### Task goal
Nothing but an exact copy is asked for: the lines in the material below from the one with "試合:サウスポー横山の左スト" through the one with "Режим регулярных покупок", pictures excluded.

[[ Data in this exercise, beginning ]]

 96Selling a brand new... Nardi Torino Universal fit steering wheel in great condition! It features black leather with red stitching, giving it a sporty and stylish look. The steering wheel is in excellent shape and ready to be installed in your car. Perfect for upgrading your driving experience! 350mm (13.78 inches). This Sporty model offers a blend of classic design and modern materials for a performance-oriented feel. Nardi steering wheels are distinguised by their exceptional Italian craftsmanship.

[[ Data in this exercise, end ]]
[[ Data in this exercise, beginning ]]

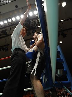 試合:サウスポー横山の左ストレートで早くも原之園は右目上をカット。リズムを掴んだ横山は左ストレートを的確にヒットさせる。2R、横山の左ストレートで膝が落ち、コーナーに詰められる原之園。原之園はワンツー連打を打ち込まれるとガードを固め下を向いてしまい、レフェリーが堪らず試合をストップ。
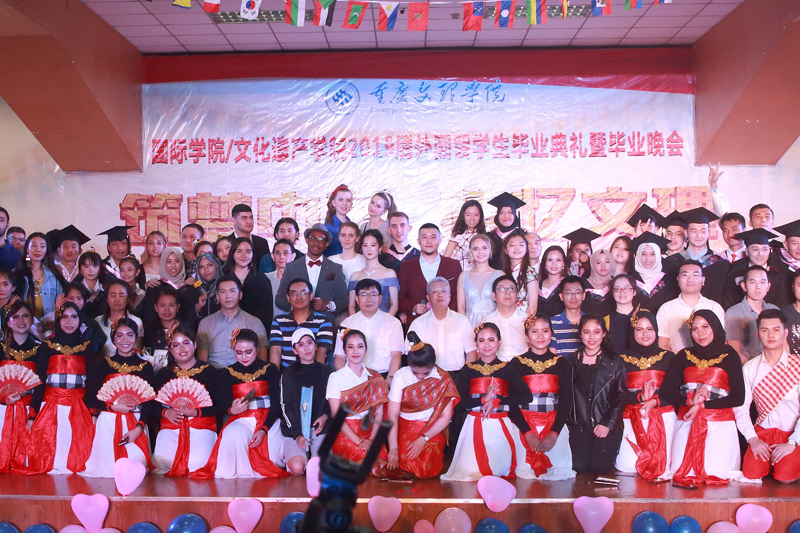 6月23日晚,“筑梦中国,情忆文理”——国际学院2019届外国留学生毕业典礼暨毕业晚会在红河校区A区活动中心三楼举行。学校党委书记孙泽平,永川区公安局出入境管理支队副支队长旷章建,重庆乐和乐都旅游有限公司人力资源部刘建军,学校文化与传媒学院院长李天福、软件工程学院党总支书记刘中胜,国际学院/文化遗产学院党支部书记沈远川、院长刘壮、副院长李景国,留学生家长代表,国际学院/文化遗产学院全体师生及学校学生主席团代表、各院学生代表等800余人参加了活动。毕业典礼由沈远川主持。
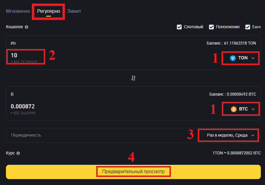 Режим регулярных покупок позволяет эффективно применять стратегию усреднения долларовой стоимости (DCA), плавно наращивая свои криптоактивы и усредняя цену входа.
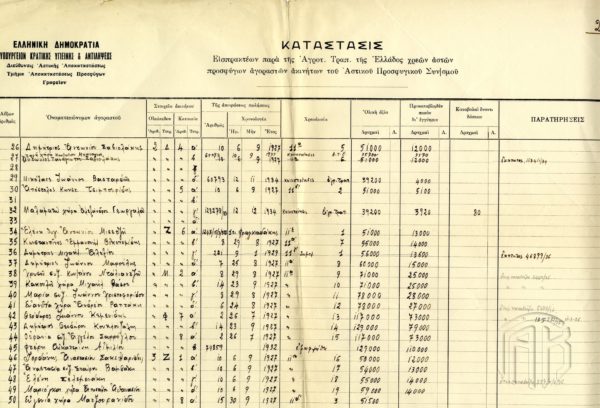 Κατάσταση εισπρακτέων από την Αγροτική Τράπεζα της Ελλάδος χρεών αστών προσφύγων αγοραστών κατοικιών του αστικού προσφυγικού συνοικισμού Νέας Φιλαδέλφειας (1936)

[[ Data in this exercise, end ]]
[[ Data in this exercise, beginning ]]

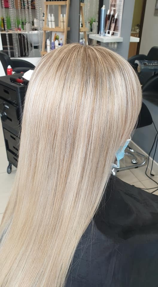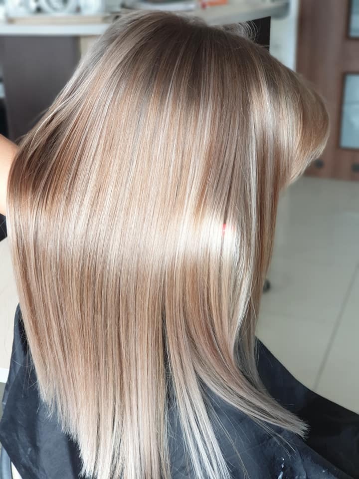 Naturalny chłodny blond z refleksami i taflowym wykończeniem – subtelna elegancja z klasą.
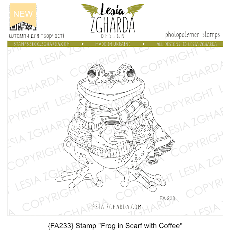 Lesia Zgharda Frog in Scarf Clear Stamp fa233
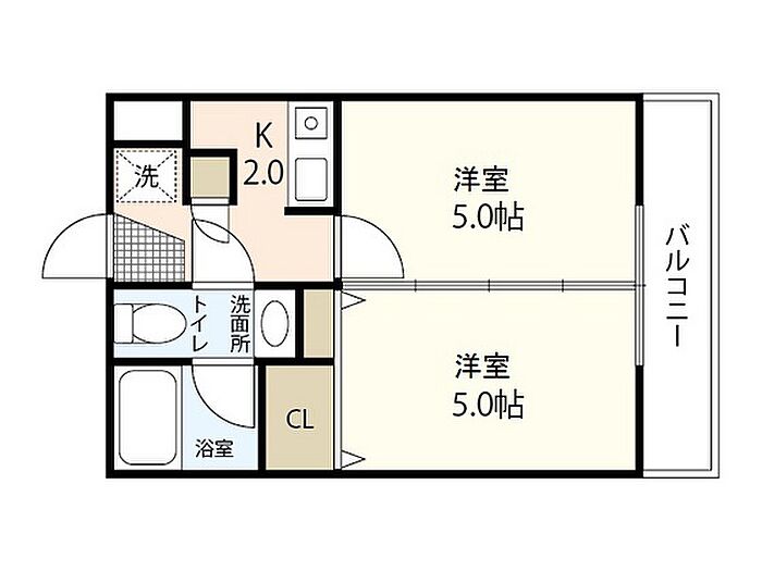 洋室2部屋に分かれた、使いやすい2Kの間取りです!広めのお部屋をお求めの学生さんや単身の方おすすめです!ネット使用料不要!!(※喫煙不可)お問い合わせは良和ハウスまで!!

[[ Data in this exercise, end ]]

### Written solution
 試合:サウスポー横山の左ストレートで早くも原之園は右目上をカット。リズムを掴んだ横山は左ストレートを的確にヒットさせる。2R、横山の左ストレートで膝が落ち、コーナーに詰められる原之園。原之園はワンツー連打を打ち込まれるとガードを固め下を向いてしまい、レフェリーが堪らず試合をストップ。
 6月23日晚,“筑梦中国,情忆文理”——国际学院2019届外国留学生毕业典礼暨毕业晚会在红河校区A区活动中心三楼举行。学校党委书记孙泽平,永川区公安局出入境管理支队副支队长旷章建,重庆乐和乐都旅游有限公司人力资源部刘建军,学校文化与传媒学院院长李天福、软件工程学院党总支书记刘中胜,国际学院/文化遗产学院党支部书记沈远川、院长刘壮、副院长李景国,留学生家长代表,国际学院/文化遗产学院全体师生及学校学生主席团代表、各院学生代表等800余人参加了活动。毕业典礼由沈远川主持。
 Режим регулярных покупок позволяет эффективно применять стратегию усреднения долларовой стоимости (DCA), плавно наращивая свои криптоактивы и усредняя цену входа.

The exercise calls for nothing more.